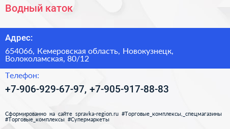 Водный, каток по адресу 654066, Кемеровская область, Новокузнецк, Волоколамская, 80/12 в дальнейшем Организация, размещена в следующих категориях:
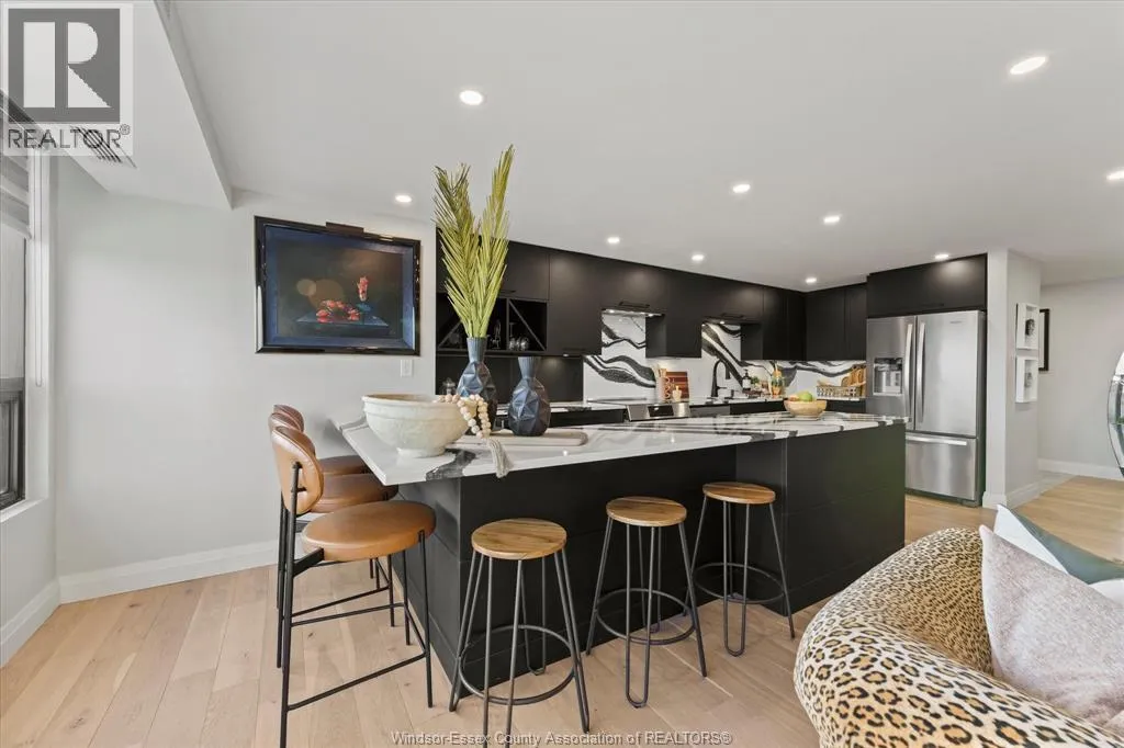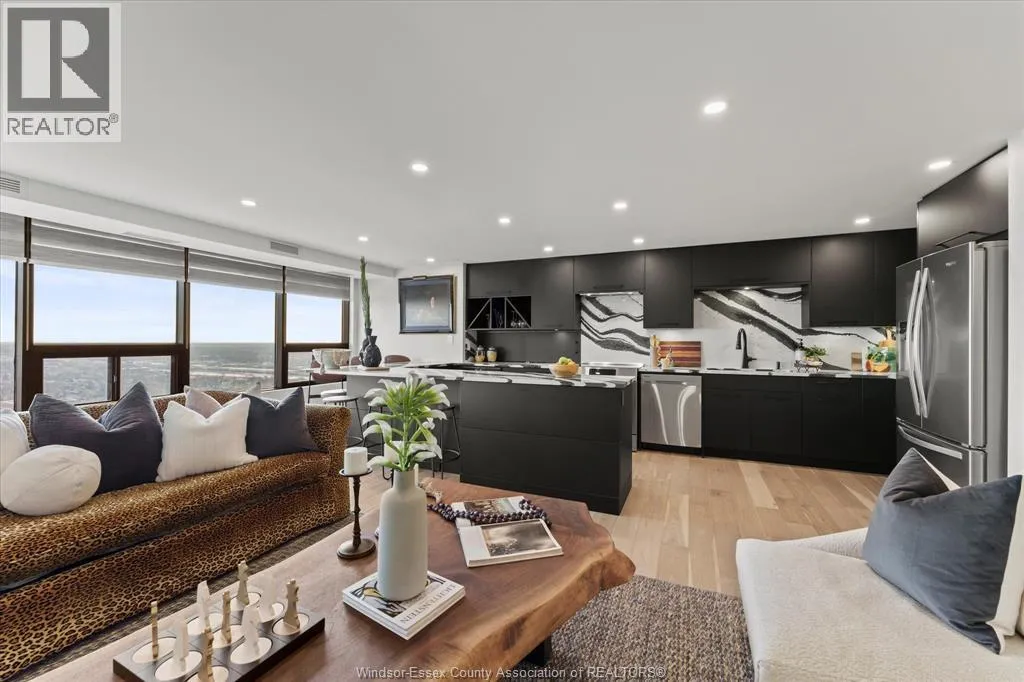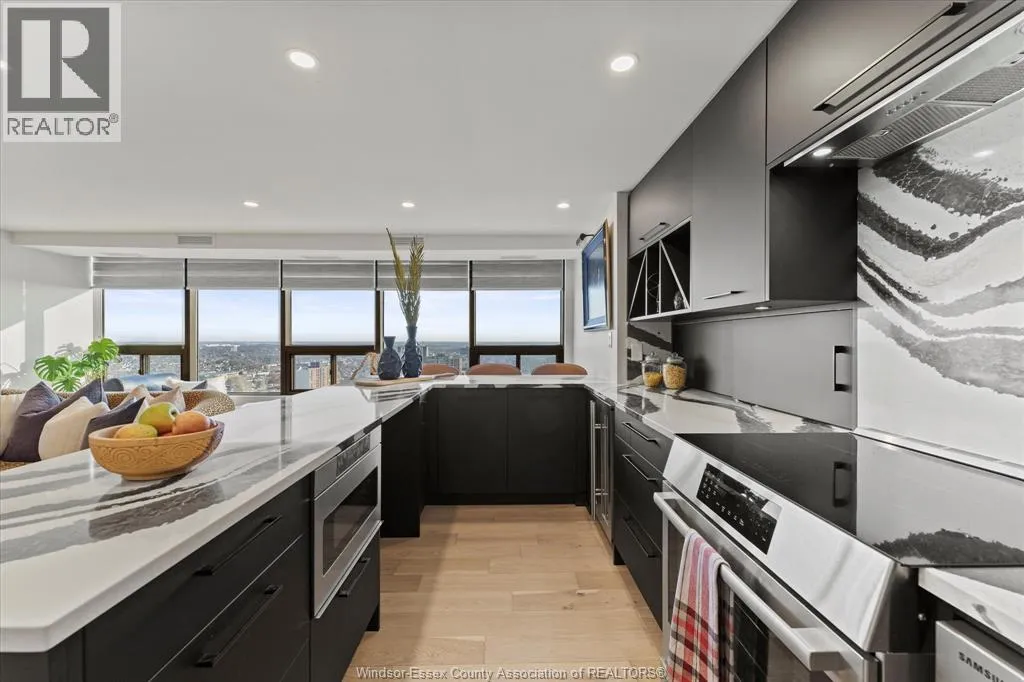 This trendy and stylish condo right in the heart of downtown Windsor, minutes from the US border and offers fabulous views from the 29th floor, stunning kitchen with centre island created by Wayne's Custom kitchen with quartz counters and top of the line appliances, updated flooring, lighting, ect....seller has spent $150,000.00 with the last couple of years with many updates which must be viewed to appreciated. This unit was 2 bedroom and can easily be converted back. This condo is a pleasure to show! (id:27476)
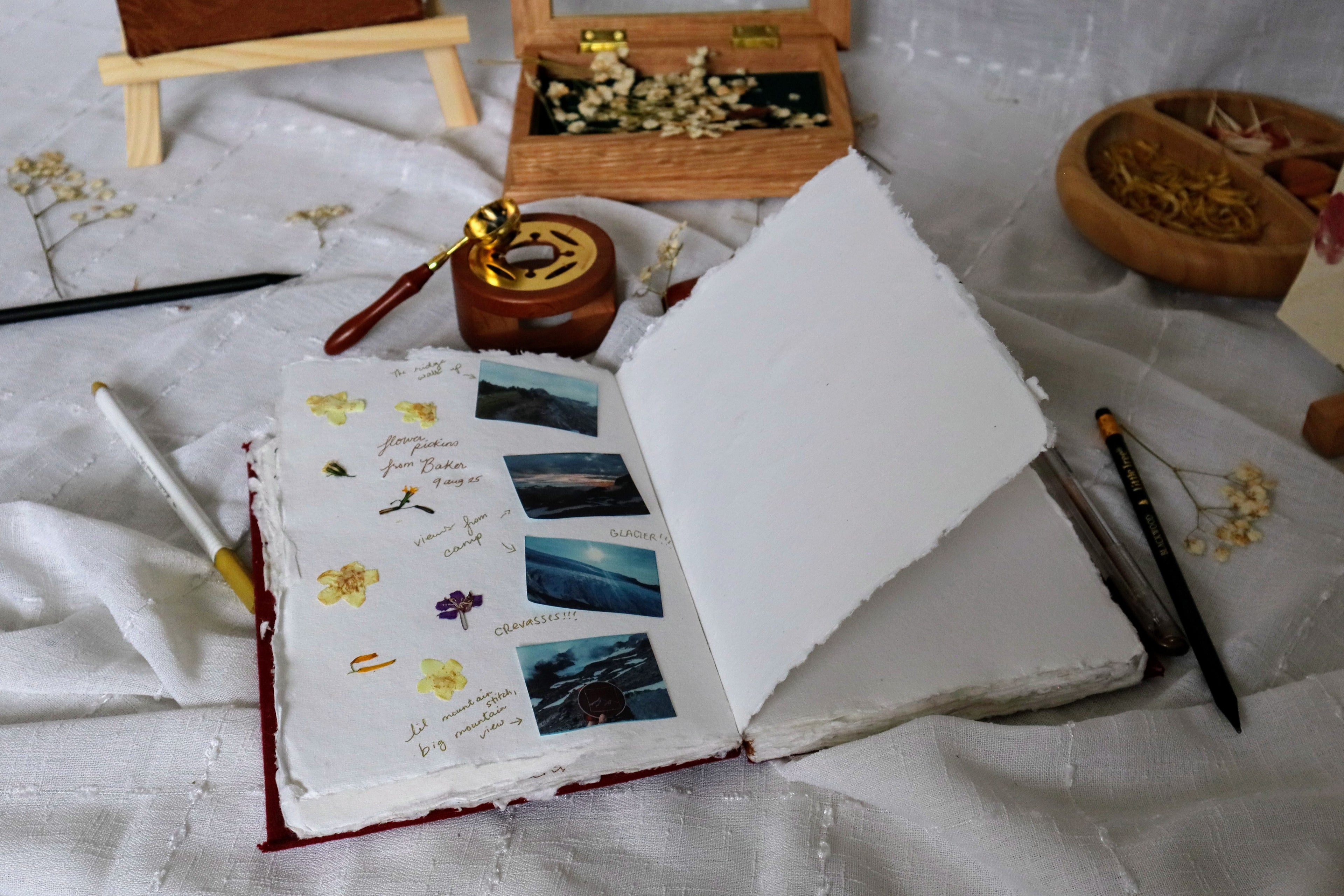 The pages are made from 100% recycled, handmade cotton paper; the bindings are sewn with natural thread; the covers are wrapped in pure cotton or reclaimed fabrics, each imbued with its own quiet history. Every detail, from paper grain to stitch, is selected with intention — to honor sustainability and the artistry of the handmade.
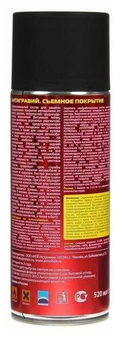 Type: liquid anti-gravity, scope: bumper, rims, bottom, body, application of liquid anti-gravity: aerosol, film surface: glossy, features: anti-corrosion, dismantling

+ + + +

Work instruction:
Please set down every line of the listing verbatim, excluding its pictures.

Solution to this task:
 Водный, каток по адресу 654066, Кемеровская область, Новокузнецк, Волоколамская, 80/12 в дальнейшем Организация, размещена в следующих категориях:
 This trendy and stylish condo right in the heart of downtown Windsor, minutes from the US border and offers fabulous views from the 29th floor, stunning kitchen with centre island created by Wayne's Custom kitchen with quartz counters and top of the line appliances, updated flooring, lighting, ect....seller has spent $150,000.00 with the last couple of years with many updates which must be viewed to appreciated. This unit was 2 bedroom and can easily be converted back. This condo is a pleasure to show! (id:27476)
 The pages are made from 100% recycled, handmade cotton paper; the bindings are sewn with natural thread; the covers are wrapped in pure cotton or reclaimed fabrics, each imbued with its own quiet history. Every detail, from paper grain to stitch, is selected with intention — to honor sustainability and the artistry of the handmade.
 Type: liquid anti-gravity, scope: bumper, rims, bottom, body, application of liquid anti-gravity: aerosol, film surface: glossy, features: anti-corrosion, dismantling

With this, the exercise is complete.